March 8, 2017
It is hard to overstate the benefits of organization alignment. Aligned organizations better implement and realize their strategies, can do more with fewer resources, are faster, and generally perform better in the marketplace. However, it is important to realize that not all alignments are equal in their power to produce the hoped for marketplace results.

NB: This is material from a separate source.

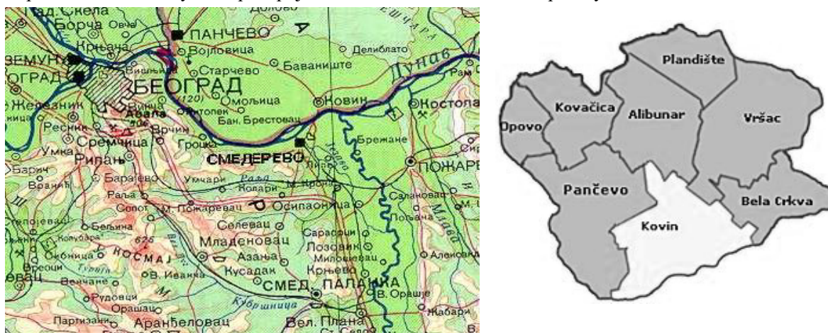
Слика 1: Положај општине Ковин у односу на општине у Војводини и градове Смедерево и Пожаревац

Територија општине Ковин захвата најјужнији део Баната. У административно-регионалној подели територије Србије и Војводине, општина Ковин припада Јужно-банатском округу. На западу, северу и истоку простор општине се граничи са општинама Алибунар, Вршац, Бела Црква и градом Панчевом. На јужној страни према градовима Смедерево и Пожаревац границу општине чини ток реке Дунав. Општини Ковин припада 46 км обале Дунава, највећег Европског пловног пута. Територија општина Ковин захвата површину од 730 км 2 .

I have found that there are two types of misalignments:
- Disabling misalignments. These misalignments stem from a need to overcome gaps or broken elements in an organization system. This is the classic case of the “squeaky wheel” that makes substantial noise in the form of customer complaints, internal confusion, and/or a lack of coordination. Often, the noise garners quite a bit of leadership attention and many leaders spend a lot of their time trying to get the noise to stop. This is common to any organization, and everyone needs to spend time fixing and/or closing gaps to address customer needs, minimize frustration, and stay ahead of competition.
- Enabling misalignments. Enabling misalignments focus more on the potential of an organization to achieve a strategic outcome rather than just fixing capacity/operational problems, performance shortcomings, or cross-organization gaps that may exist. As a whole, these misalignments are more strategically focused and address organizational misalignments about how an organization can extend its influence, expand, grow, and improve what it can deliver to customers and ultimately differentiate the marketplace.